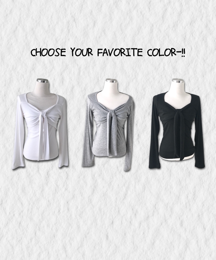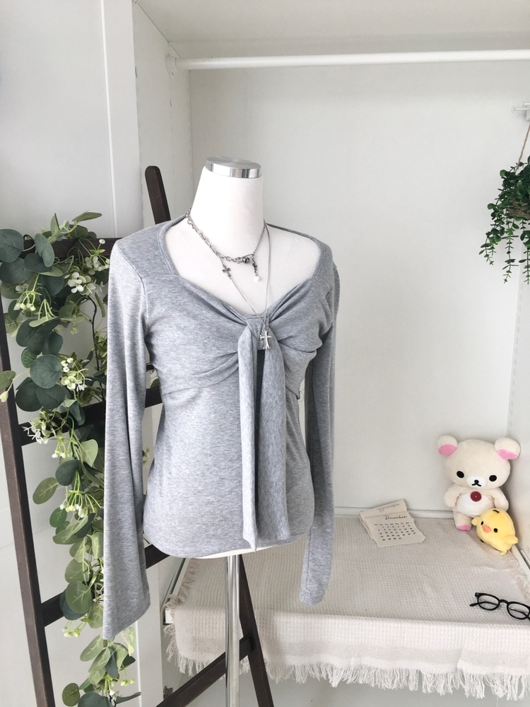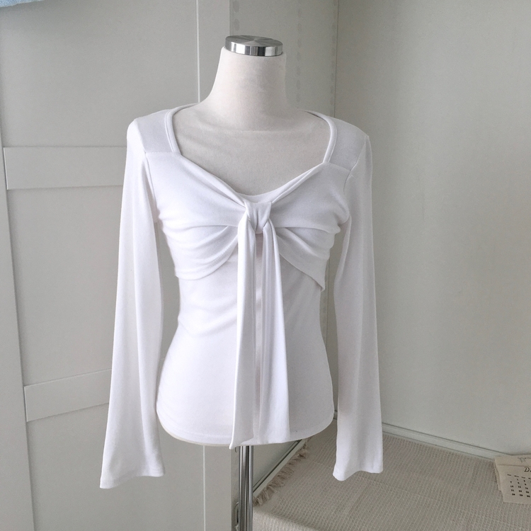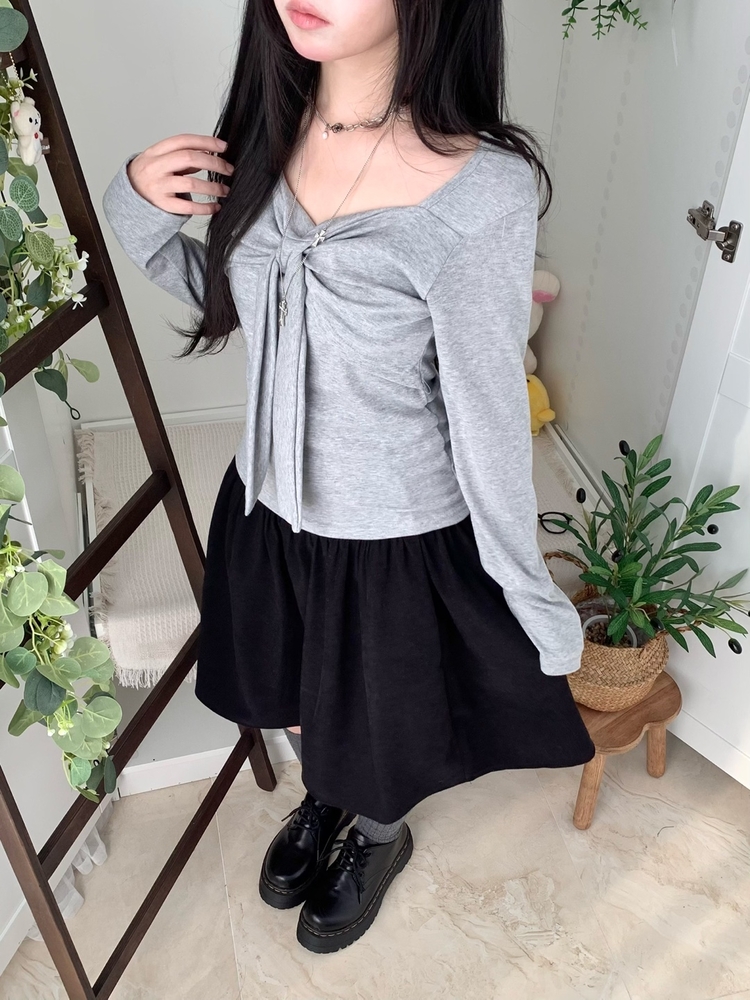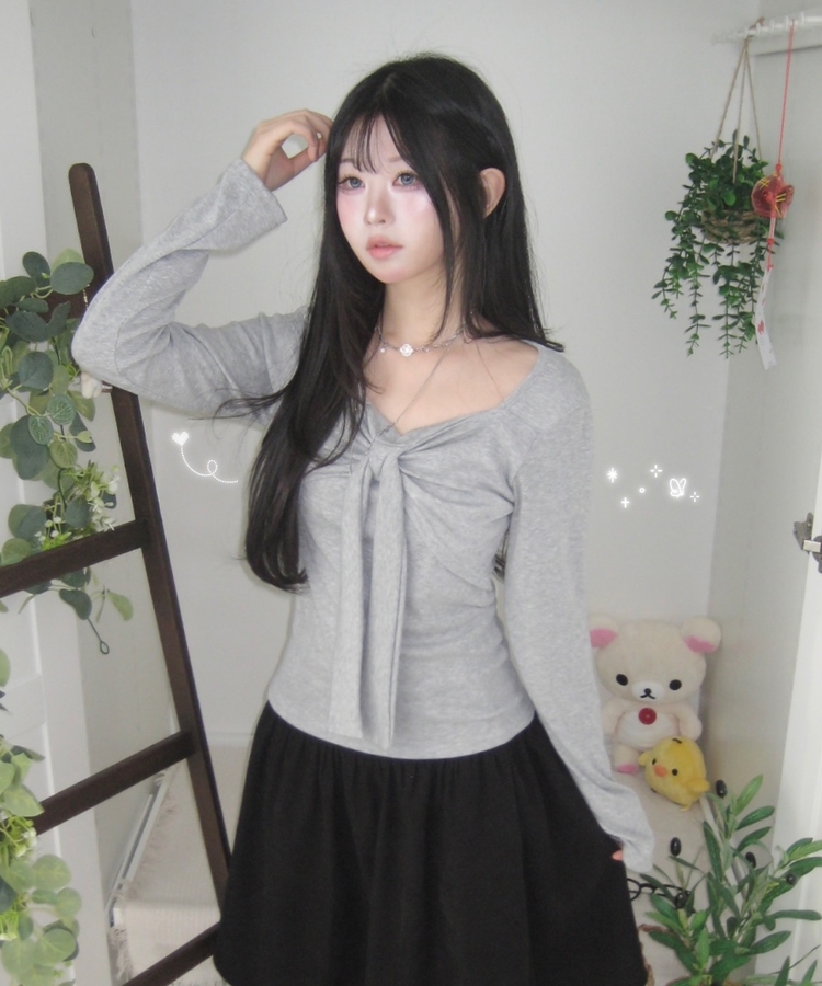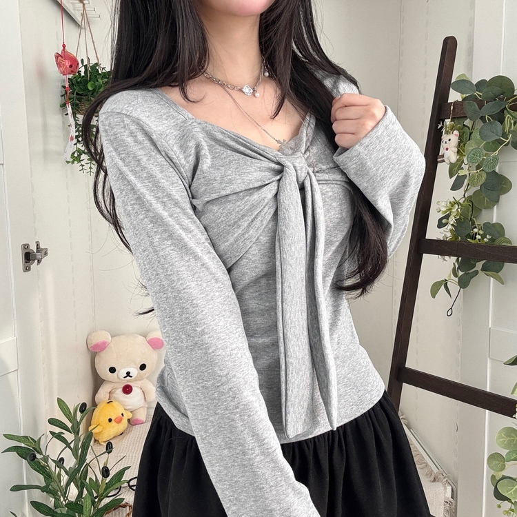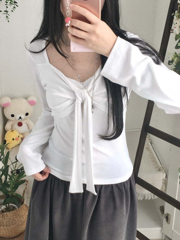 STS242552 슬림핏 리본 긴팔 티셔츠 롱슬리브 스퀘어넥
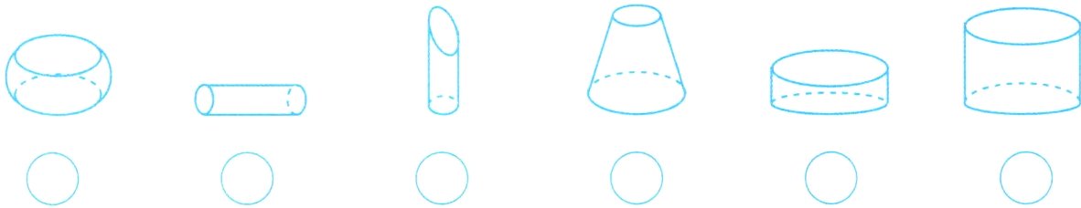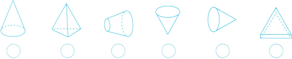 2. 下列图形中哪些是圆锥?在圆锥下面的 〇 里打“√”,并指出该圆锥的底面、侧面和高。
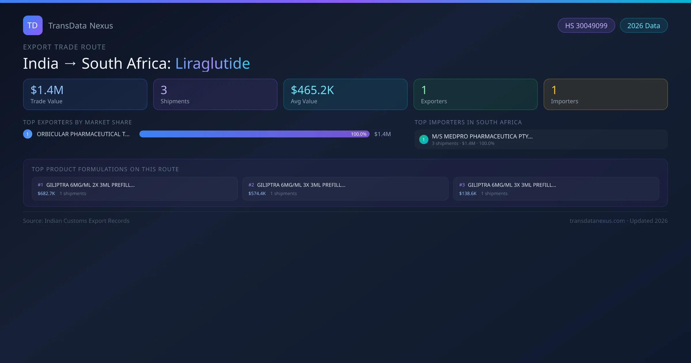 The India to South Africa Liraglutide corridor is one of India's established pharmaceutical export routes, with 3 shipments documented worth a combined $1.4M USD. The route is dominated by ORBICULAR PHARMACEUTICAL TECHNOLOGIES PRIVATE LIMI, which alone accounts for roughly 100% of all export value, reflecting the consolidated nature of India's liraglutide manufacturing sector.
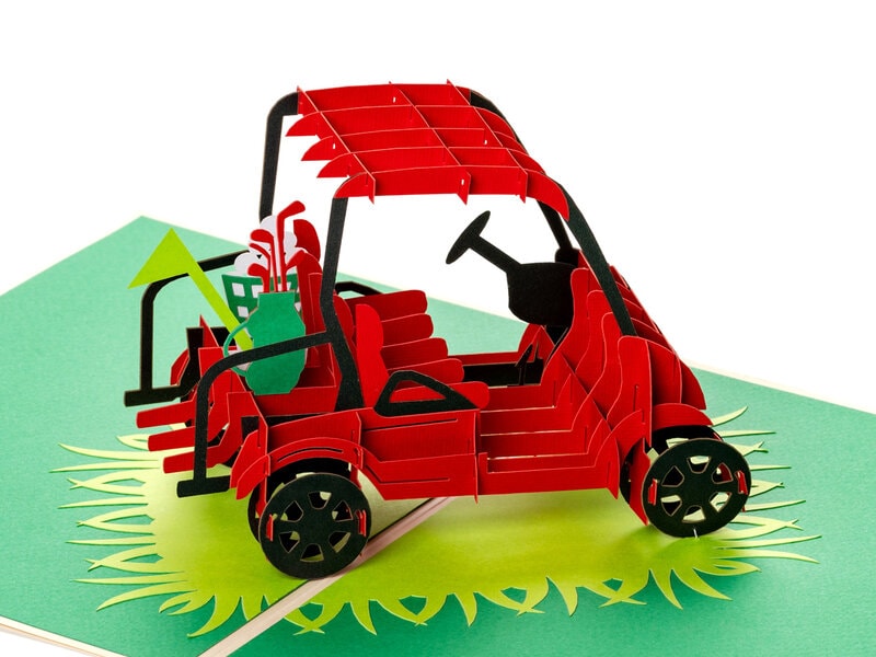 Sig tillykke til golfspilleren med et sjovt pop up-kort, måske for at fejre sidste rundes birdie! Når 3D-kortet åbnes, dukker motivet op i form af en golfvogn! Leveres med kuvert.

_ _ _ _ _ _ _

Your task is to copy exactly the lines from the line containing "The India to" through the final line of the listing above and to omit every picture.

Written solution:
 The India to South Africa Liraglutide corridor is one of India's established pharmaceutical export routes, with 3 shipments documented worth a combined $1.4M USD. The route is dominated by ORBICULAR PHARMACEUTICAL TECHNOLOGIES PRIVATE LIMI, which alone accounts for roughly 100% of all export value, reflecting the consolidated nature of India's liraglutide manufacturing sector.
 Sig tillykke til golfspilleren med et sjovt pop up-kort, måske for at fejre sidste rundes birdie! Når 3D-kortet åbnes, dukker motivet op i form af en golfvogn! Leveres med kuvert.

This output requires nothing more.